• ENTRIES SHOWN:
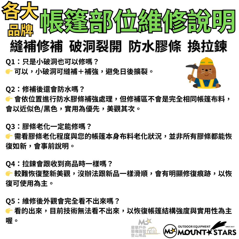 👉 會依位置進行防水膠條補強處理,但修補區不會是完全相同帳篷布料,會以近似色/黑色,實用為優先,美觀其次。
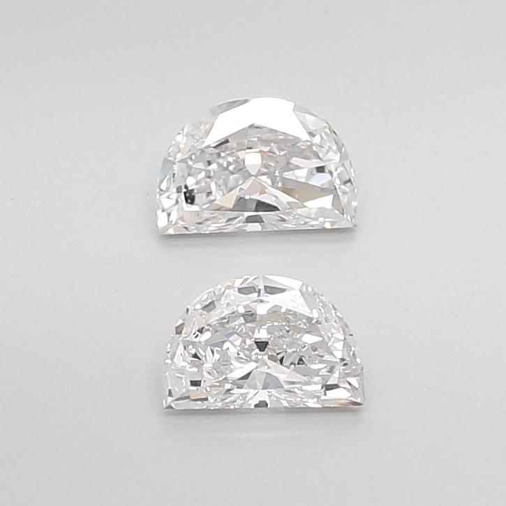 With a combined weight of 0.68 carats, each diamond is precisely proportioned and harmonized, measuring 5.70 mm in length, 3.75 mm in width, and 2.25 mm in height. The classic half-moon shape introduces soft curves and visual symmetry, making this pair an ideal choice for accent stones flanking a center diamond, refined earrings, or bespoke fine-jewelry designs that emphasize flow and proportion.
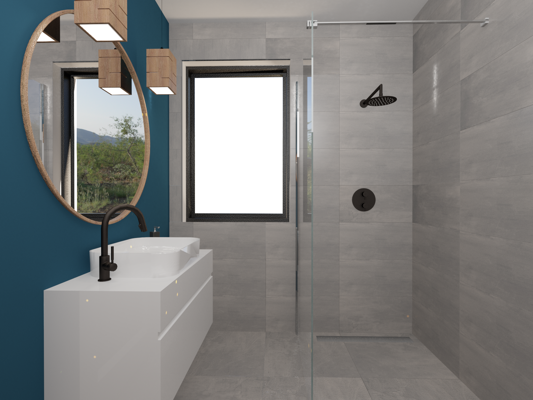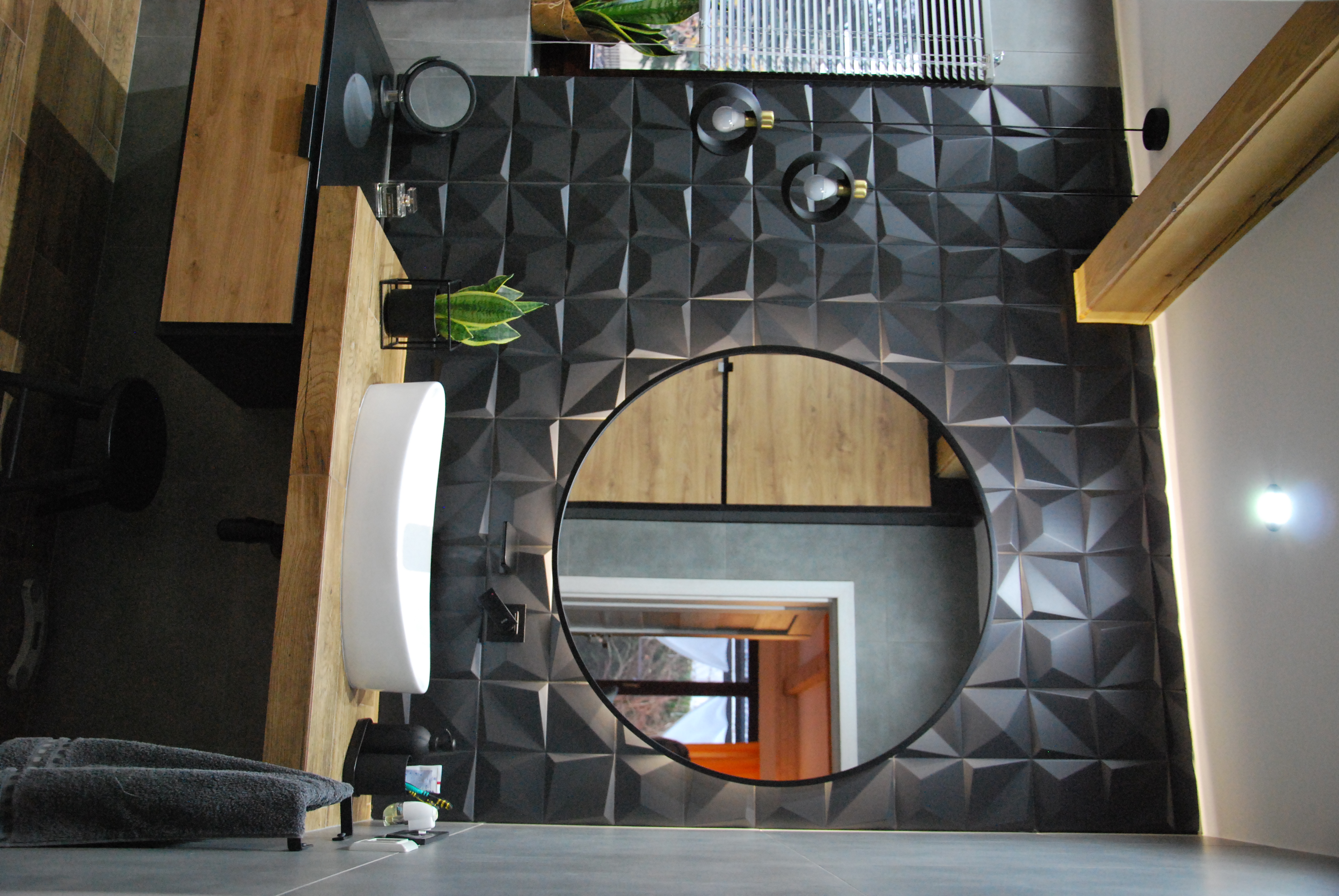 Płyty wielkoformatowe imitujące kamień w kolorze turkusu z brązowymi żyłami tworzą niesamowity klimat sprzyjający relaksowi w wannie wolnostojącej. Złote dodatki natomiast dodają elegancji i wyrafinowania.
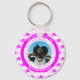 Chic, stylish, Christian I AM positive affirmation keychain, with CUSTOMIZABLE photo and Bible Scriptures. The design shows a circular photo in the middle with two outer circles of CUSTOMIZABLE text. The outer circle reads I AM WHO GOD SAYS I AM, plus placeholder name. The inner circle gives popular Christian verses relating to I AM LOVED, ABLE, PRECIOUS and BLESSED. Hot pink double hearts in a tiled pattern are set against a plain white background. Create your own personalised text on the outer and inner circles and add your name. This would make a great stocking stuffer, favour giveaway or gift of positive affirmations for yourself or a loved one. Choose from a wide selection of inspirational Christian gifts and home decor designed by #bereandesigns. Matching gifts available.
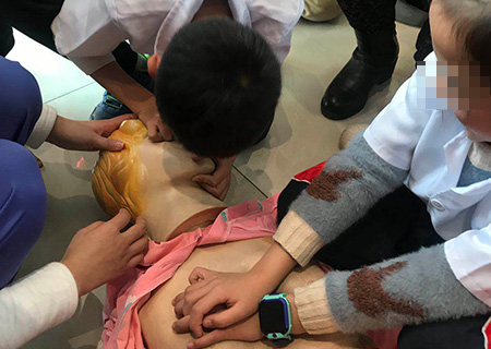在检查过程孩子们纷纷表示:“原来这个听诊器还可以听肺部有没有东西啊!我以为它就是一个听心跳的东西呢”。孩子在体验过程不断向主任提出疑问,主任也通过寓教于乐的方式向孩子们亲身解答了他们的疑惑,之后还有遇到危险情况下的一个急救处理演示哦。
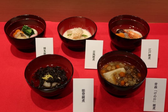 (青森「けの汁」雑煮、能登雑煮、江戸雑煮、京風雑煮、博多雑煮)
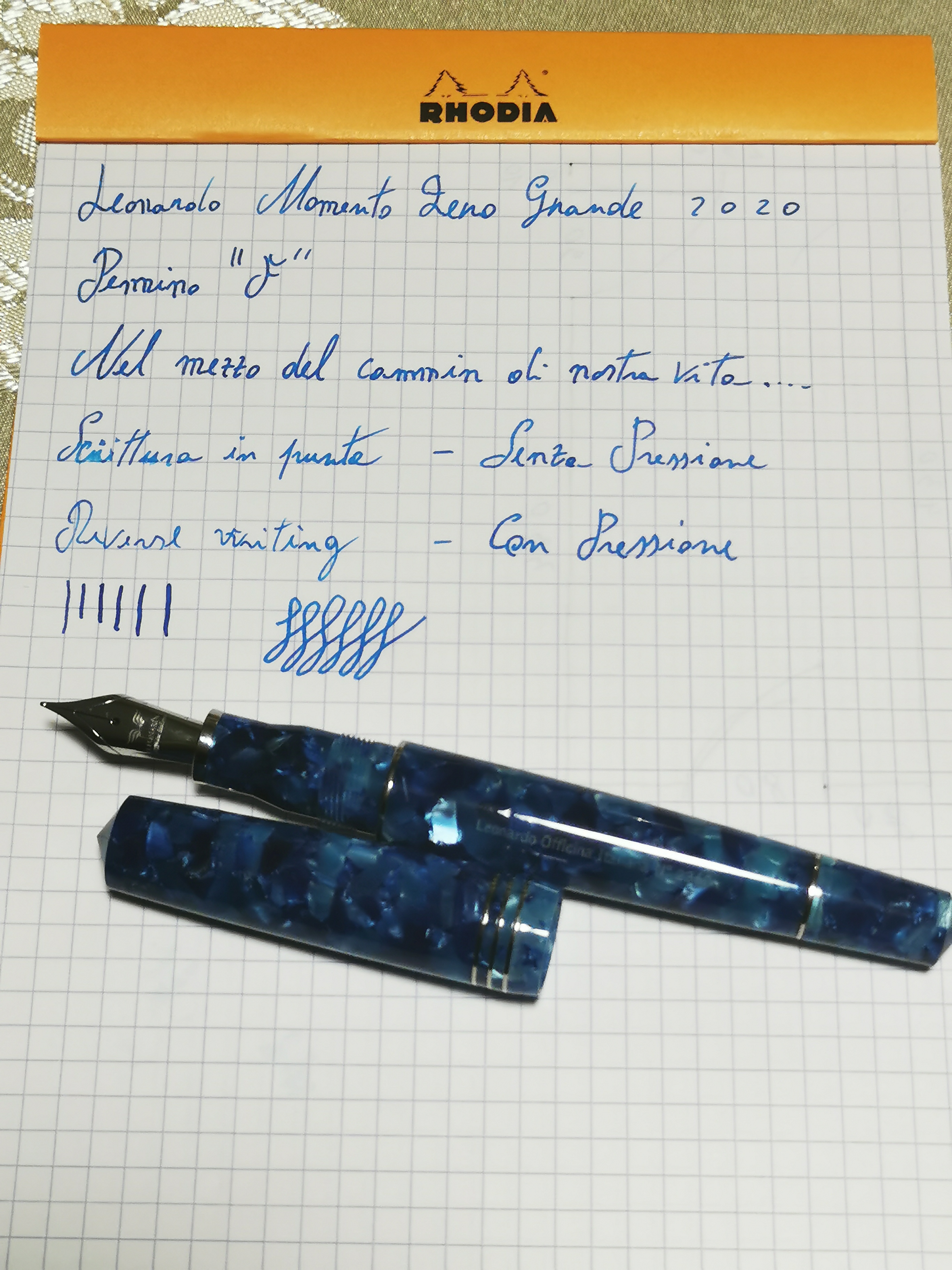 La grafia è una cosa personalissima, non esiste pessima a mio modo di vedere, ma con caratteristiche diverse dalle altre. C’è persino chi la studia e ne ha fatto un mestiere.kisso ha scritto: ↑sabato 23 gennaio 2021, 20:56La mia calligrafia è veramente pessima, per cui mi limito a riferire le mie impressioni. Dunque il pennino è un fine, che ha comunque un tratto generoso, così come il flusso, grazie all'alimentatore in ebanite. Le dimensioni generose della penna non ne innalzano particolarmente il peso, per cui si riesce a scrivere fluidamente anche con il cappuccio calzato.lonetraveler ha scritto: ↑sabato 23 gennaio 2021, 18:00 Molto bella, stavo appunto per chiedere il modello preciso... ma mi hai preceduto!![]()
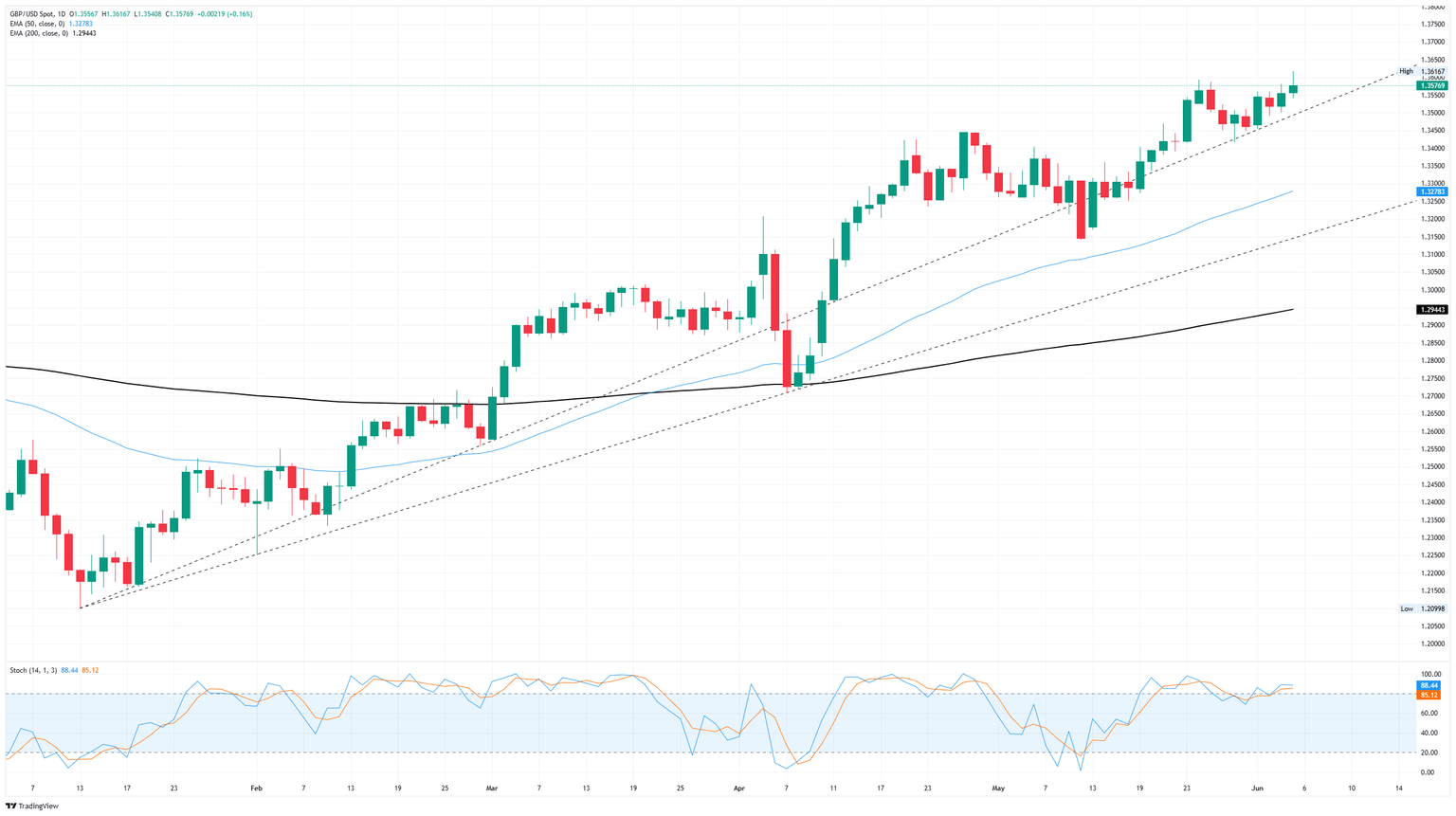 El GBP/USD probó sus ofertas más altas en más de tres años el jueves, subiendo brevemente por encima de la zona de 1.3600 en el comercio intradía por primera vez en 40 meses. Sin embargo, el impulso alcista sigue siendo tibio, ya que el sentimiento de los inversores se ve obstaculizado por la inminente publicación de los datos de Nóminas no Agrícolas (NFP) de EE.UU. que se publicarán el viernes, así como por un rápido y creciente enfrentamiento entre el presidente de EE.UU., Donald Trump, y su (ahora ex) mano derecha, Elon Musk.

• YOUR TASK: All that is wanted is the lines above between the one containing "Płyty wielkoformatowe imitujące" and the one containing "(青森「けの汁」雑煮、能登雑煮、江戸雑煮、京風雑煮、博多雑煮)", inclusive, restated word for word, with pictures omitted.

• EXERCISE ANSWER:
 Płyty wielkoformatowe imitujące kamień w kolorze turkusu z brązowymi żyłami tworzą niesamowity klimat sprzyjający relaksowi w wannie wolnostojącej. Złote dodatki natomiast dodają elegancji i wyrafinowania.
 Chic, stylish, Christian I AM positive affirmation keychain, with CUSTOMIZABLE photo and Bible Scriptures. The design shows a circular photo in the middle with two outer circles of CUSTOMIZABLE text. The outer circle reads I AM WHO GOD SAYS I AM, plus placeholder name. The inner circle gives popular Christian verses relating to I AM LOVED, ABLE, PRECIOUS and BLESSED. Hot pink double hearts in a tiled pattern are set against a plain white background. Create your own personalised text on the outer and inner circles and add your name. This would make a great stocking stuffer, favour giveaway or gift of positive affirmations for yourself or a loved one. Choose from a wide selection of inspirational Christian gifts and home decor designed by #bereandesigns. Matching gifts available.
在检查过程孩子们纷纷表示:“原来这个听诊器还可以听肺部有没有东西啊!我以为它就是一个听心跳的东西呢”。孩子在体验过程不断向主任提出疑问,主任也通过寓教于乐的方式向孩子们亲身解答了他们的疑惑,之后还有遇到危险情况下的一个急救处理演示哦。
 (青森「けの汁」雑煮、能登雑煮、江戸雑煮、京風雑煮、博多雑煮)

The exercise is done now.